Chowing Up
Homebrew snackie cakes! But where do you buy bags of polysorbate 80 these days? In one of the grander experiments in Web 2.0 (or maybe Web 1.8) post-consumer recycling, CNET's eatable megasite Chow has pretty much launched. The "portal" (cringe) is made up of two main components stitched together by the power of CNET's deep pockets. First, there's defunct foodmag Chow, which closed down in 2005 as a print magazine; now it's back in online-only form, complete with editor-in-chief Jane Goldman once more at the helm. The other piece of the newly giant robot is Chowhound, the old-school food-forum digs of legendary restaurant critic Jim Leff. How's it all hang together, you ask?
Pretty well, actually. Goldman is clearly running the show editorially, bringing her print-media sensibilities to the quality assurance angle. Though her print version tanked, she knows the boom-bust routine from olden times, when she plowed the rows at Industry Standard during the best/worst of the Internet bubble. With CNET's army of skilled geeks handling the tech, Goldman doesn't have to fret about the nuts and bolts; the web side of things clearly caused her anxiety the first time around, when she was worried the website might distract from the print mag. Solution: Ax the print mag! Problem solved.

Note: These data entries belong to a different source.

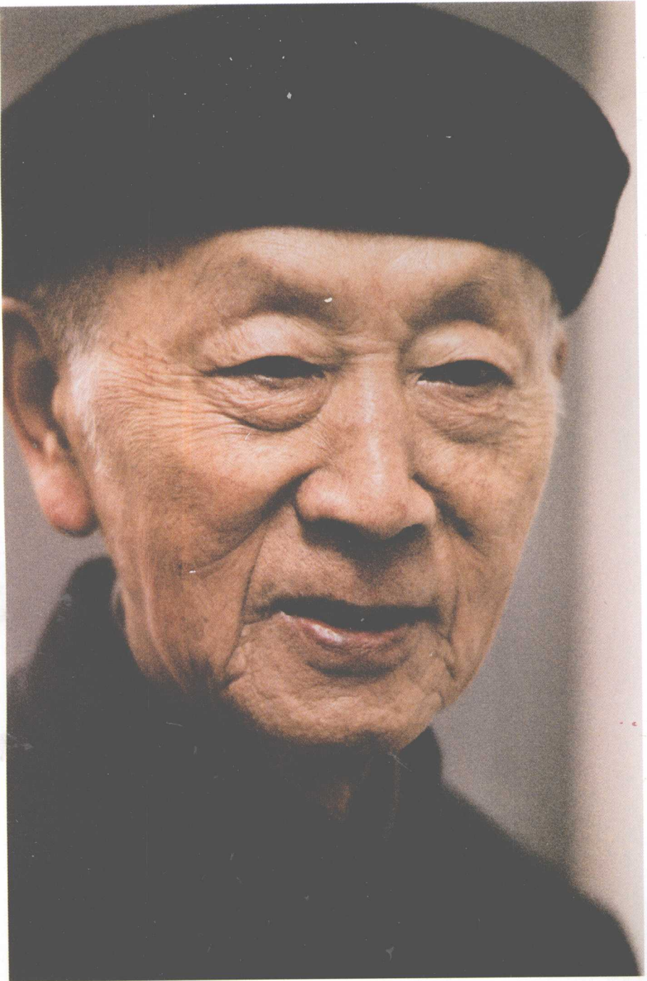
黄 昆 院 士
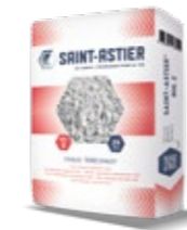
TÉRÉCHAUX® NHL2 - 25 KG
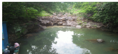
Gambar 1. Sumber mata air Paras di daerah padas dan berbatu
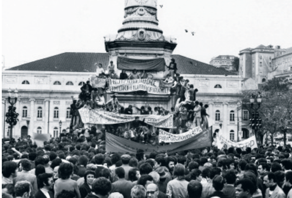
“Επανάσταση των Γαρυφάλλων”, Πορτογαλία

Οι άρχουσες τάξεις σε ολόκληρη την Ανατολική Μεσόγειο παίρνουν θέση μπροστά στη νέα μοιρασιά. Μέσα σε συνθήκες αυξημένων τιμών των πρώτων υλών, ολόκληρη η συζήτηση για την εκμετάλλευση των υδρογονανθράκων στο Αιγαίο και στη Μεσόγειο ξανανοίγει. Ενώ ταυτόχρονα η «δια αντιπροσώπων» σύγκρουση των δύο υπερδυνάμεων που εξελίσσεται στη Μέση Ανατολή οδηγεί τις άρχουσες τάξεις Ελλάδας και Τουρκίας να διαγωνίζονται για το ποιος θα αποκτήσει το πάνω χέρι ως καλύτερος συνεργάτης των ΗΠΑ. Οι έλληνες εφοπλιστές που ήδη έχουν απλώσει τα πλοκάμια τους στην μεταφορά πετρελαίου από τις χώρες του Κόλπου δεν θέλουν να χάσουν το ρόλο τους. Στην Κύπρο αυτή η αντιπαράθεση μεταφράζεται σε

Distinguishing one food magazine (online or off) from another is tiresome at best, so the short version: Chow's recipe and cuisine editorial maneuvers for the fun, simple, and practical, or put very broadly, "the pleasure of food and drink." Hence articles like the snackie cakes mentioned above. This kind of thinking fuses well with Chowhound, a message board and food site created by the gleefully omnivorous Jim Leff and his legions of devoted fans. Imported pretty much whole cloth from its previous incarnation, Chowhound is now simplified and better organized for easier browsing and searching among the thousands of restaurant reviews, cuisine discussions, and so on. Leff himself, now apparently cut loose entirely from everything but writing duties, turns in his usual reviews, board posts, and dispatches from the road. Despite the relatively seamless marriage of Chow and Chowhound visually, it's hard to imagine many Chowhounds will bother clicking over to the Chow features. There will likely be considerable traffic the other way, though.

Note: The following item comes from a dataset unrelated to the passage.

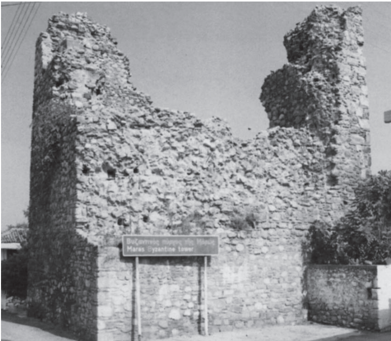
Ο πύργος της Μάρως στη Δάφνη της Βισαλτίας

Στο μέρος αυτό και σε απόσταση δύο περίπου χιλιομέτρων υπήρχε αρχαία πόλη που άλλοι θεωρούν ότι ήταν η αρχαία Ορέσκεια και άλλοι η Όσσα. Σώζονται πάρα πολλά ερείπια στο μέρος αυτό και βρέθηκαν νομίσματα με την επιγραφή «ΟΡΕΣΚΙΩΝ». Στα βυζαντινά χρόνια η κωμόπολη αυτή ήταν έδρα επισκοπής. Σ' αυτήν έγινε επίσκοπος, στο τελευταίο τέταρτο του 13 ου αιώνα, ο πρώτος κτήτορας της Ιεράς Μονής του Τιμίου Προδρόμου Μενοικέως Ιωαννίκιος. Εποίμανε για λίγα χρόνια και λόγω της μεγάλης ηλικίας του παραιτήθηκε 15 .

Beyond the tech stitching, there are a few gee-whiz features grafted on to make up the rest of Chow proper (podcasts, video, custom views, etc.). Potentially most novel is the Grinder, a "food media" blog that could easily be toothless filler but instead has a few interesting media angles (plus, it introduces the phrase "banana deep throat-off"). Worth watching. Whether or not Chow has the chops to compete with Food Network or other online culinary heavyweights remains to be seen, but either way, it's an intriguing example of cherry-picking thematically similar properties and sewing them together into a new combo-mutant.